Generally, when steel is heated to a temperature of Ac ₁ point or higher, fine ones of carbides are dissolved in austenite, and then cooled to a temperature of Ar ₁ point or lower to precipitate again as carbides. At that time, if it is possible to leave a certain amount of undissolved carbide at a point of Ac ₁ or higher, C dissolved in austenite will not generate pearlite when the temperature lowering rate to Ar ₁ or lower is slowed. Since undissolved carbides are deposited as nuclei, the spheroidization rate of the carbides after annealing is increased. Also, in this case, the number of undissolved carbides at Ac ₁ point or higher is reduced from that before annealing, and if the cooling rate is slow, new nucleation will not occur, so the number of carbides after annealing will be reduced from that before annealing. As a result, the distance between carbides becomes longer.
[0029]
However, the temperature range of Ac ₁ point or higher is a region where all of the carbides of steel are in solid solution in equilibrium. For this reason, in general annealing, it is difficult to leave a large amount of undissolved carbide at Ac ₁ or more. Eventually, the number of precipitation nuclei is insufficient, and C dissolved in austenite is precipitated as regenerated pearlite with a wide lamellar interval in the cooling process to Ar ₁ or less. As a result, the spheroidization rate of the carbide is extremely low, and a steel sheet having excellent stretch flangeability cannot be obtained.
The present invention is intended to realize a carbide dispersion form in which stretch flangeability is improved in the entire heat treatment process including a temperature raising process to a temperature of Ac ₁ point or higher.
[0030]
[Temperature increase rate to the first stage holding temperature]
In the present invention, in the temperature raising process, the rate of temperature rise from 650 ° C. until reaching the first stage holding temperature of Ac ₁ point or higher is controlled to 5 to 80 ° C./h. By slowing the heating rate in this way, the pearlite generated by hot rolling is divided in the heating process, and the particle size of the carbide is relatively fine, but the surface area per unit area of the carbide decreases because the spheroidization proceeds. . As a result, in the subsequent heating and holding process of the first stage, the carbide / austenite interface area decreases, the solid solution of the carbide can be delayed, and the undissolved carbide can be left appropriately.

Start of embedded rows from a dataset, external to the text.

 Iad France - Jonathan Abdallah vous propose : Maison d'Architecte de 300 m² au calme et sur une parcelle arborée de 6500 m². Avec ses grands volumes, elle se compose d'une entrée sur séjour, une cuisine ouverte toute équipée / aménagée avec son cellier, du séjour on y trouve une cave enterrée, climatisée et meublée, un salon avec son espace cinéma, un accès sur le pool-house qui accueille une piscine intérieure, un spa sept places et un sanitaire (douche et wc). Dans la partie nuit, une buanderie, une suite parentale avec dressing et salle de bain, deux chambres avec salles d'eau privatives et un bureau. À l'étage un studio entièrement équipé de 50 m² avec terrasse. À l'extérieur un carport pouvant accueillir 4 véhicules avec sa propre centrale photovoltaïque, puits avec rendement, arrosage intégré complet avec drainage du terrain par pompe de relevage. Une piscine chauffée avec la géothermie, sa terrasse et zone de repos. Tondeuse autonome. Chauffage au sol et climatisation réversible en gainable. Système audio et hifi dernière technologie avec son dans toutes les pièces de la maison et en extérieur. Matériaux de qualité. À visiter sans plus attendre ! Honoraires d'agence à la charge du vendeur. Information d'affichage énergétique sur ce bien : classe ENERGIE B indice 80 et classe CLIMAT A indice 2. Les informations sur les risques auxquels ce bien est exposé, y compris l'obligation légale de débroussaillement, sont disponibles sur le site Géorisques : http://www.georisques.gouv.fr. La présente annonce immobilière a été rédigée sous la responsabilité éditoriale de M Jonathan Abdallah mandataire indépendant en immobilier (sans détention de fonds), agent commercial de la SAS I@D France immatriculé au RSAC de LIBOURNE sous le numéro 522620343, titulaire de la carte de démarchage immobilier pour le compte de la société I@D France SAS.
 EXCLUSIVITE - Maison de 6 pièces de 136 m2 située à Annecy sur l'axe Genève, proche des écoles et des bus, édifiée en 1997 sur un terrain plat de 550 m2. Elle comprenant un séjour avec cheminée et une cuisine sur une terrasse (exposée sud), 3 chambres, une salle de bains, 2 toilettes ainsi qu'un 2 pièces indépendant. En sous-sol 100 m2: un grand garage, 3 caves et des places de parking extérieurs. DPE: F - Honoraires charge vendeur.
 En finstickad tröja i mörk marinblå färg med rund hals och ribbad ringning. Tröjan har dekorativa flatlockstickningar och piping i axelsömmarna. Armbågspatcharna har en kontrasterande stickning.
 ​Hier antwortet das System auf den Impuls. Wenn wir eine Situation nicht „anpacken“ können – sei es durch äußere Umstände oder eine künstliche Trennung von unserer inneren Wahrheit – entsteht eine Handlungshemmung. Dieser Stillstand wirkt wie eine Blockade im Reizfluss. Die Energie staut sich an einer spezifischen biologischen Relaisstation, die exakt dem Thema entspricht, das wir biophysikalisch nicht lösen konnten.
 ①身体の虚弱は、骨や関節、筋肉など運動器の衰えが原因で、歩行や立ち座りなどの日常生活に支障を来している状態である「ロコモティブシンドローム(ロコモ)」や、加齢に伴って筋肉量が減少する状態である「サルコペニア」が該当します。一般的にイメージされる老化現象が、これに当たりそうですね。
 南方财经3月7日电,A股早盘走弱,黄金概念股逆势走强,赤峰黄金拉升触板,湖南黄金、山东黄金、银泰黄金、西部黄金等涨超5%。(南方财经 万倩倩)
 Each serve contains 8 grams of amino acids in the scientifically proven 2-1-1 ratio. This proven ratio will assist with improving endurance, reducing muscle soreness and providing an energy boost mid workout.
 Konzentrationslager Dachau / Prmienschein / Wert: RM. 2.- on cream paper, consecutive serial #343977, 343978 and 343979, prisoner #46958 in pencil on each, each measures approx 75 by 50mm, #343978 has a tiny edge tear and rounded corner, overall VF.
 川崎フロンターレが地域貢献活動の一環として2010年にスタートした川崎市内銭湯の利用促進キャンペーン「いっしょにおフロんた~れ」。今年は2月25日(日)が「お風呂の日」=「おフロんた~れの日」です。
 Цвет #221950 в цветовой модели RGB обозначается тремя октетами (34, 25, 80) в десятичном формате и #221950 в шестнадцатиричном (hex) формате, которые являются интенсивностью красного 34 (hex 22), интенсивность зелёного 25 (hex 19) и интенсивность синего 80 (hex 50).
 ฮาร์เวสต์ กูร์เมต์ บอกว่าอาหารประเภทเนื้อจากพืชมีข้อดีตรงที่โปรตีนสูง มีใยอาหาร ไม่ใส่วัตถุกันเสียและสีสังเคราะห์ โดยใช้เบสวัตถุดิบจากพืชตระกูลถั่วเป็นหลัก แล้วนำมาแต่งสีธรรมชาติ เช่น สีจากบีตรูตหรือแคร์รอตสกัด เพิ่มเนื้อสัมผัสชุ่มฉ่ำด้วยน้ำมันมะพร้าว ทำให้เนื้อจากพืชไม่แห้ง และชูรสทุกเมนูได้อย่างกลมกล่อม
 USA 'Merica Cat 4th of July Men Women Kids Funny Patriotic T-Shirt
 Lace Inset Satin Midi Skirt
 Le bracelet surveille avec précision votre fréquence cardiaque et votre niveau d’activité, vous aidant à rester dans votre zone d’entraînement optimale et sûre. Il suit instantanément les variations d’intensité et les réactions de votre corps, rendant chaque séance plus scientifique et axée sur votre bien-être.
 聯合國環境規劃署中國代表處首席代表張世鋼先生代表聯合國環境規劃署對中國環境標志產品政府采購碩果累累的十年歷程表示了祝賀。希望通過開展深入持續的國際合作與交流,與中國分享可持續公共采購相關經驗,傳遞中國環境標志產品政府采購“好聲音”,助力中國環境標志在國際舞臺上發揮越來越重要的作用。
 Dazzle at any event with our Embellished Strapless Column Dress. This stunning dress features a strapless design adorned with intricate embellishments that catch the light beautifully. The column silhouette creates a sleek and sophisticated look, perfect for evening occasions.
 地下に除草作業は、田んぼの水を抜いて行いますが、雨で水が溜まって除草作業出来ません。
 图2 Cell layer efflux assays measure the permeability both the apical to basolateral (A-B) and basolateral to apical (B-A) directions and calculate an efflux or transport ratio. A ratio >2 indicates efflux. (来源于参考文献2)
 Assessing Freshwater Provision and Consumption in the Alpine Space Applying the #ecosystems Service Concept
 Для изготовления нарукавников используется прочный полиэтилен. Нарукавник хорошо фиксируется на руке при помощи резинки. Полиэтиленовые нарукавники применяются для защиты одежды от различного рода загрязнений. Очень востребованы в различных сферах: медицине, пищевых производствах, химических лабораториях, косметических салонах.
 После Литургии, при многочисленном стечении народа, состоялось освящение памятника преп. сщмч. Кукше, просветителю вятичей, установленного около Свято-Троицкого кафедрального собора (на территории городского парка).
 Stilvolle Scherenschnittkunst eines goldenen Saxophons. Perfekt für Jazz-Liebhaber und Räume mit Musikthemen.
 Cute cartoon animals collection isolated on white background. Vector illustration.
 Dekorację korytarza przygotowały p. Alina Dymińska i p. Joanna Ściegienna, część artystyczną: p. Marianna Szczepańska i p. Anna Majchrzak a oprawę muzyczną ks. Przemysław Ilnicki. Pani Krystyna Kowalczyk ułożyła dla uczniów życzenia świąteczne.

While the temperature has not yet reached 650 ° C during the temperature raising process, even if the temperature raising rate is slowed down, the hot-rolled pearlite does not divide or spheroidize much. Therefore, the temperature increase rate in the temperature range of 650 ° C. or higher is controlled. However, even if the rate of temperature rise is slower than 5 ° C./h, the effect obtained is small and there is no industrial merit. In addition, when the temperature rising rate exceeds 80 ° C./h, the spheroidization of the carbide does not proceed sufficiently.
[0031]
[First stage heating and holding]
The purpose of the first stage of heating and holding is to keep the steel sheet at a temperature of Ac ₁ point or more, to dissolve / disappear fine carbides in the austenitized portion and to leave relatively large spherical carbides undissolved, And when ferrite exists, it is Ostwald growth of the carbide of the part. That is, it is a process of determining the number and dispersion state of undissolved carbides that should become the nuclei of carbide precipitation in the subsequent second stage heating and holding. If the holding temperature is less than Ac ₁ point, austenite is not generated. On the other hand, when the temperature exceeds Ac ₁ + 100 ° C., even if the carbides are spheroidized by controlling the heating rate, many of them are dissolved / disappeared in the austenite, and the number of undissolved carbides becomes too small. Or disappear. Then, regenerated pearlite is generated in the cooling process to the second stage holding temperature, and a high carbide spheroidization ratio and a large average carbide particle size sufficient to sufficiently improve stretch flangeability cannot be realized. If the heating and holding time is less than 0.5 hours, the solid carbide is not sufficiently dissolved in the austenite, and if the heating is continued for more than 20 hours, the number of undissolved carbides decreases too much because it approaches an equilibrium state. Accordingly, in the first stage heating and holding process, the temperature is held in the temperature range of Ac ₁ to Ac ₁ + 100 ° C. for 0.5 to 20 hours.
[0032]
[Temperature drop rate from the first stage holding temperature to the second stage holding temperature]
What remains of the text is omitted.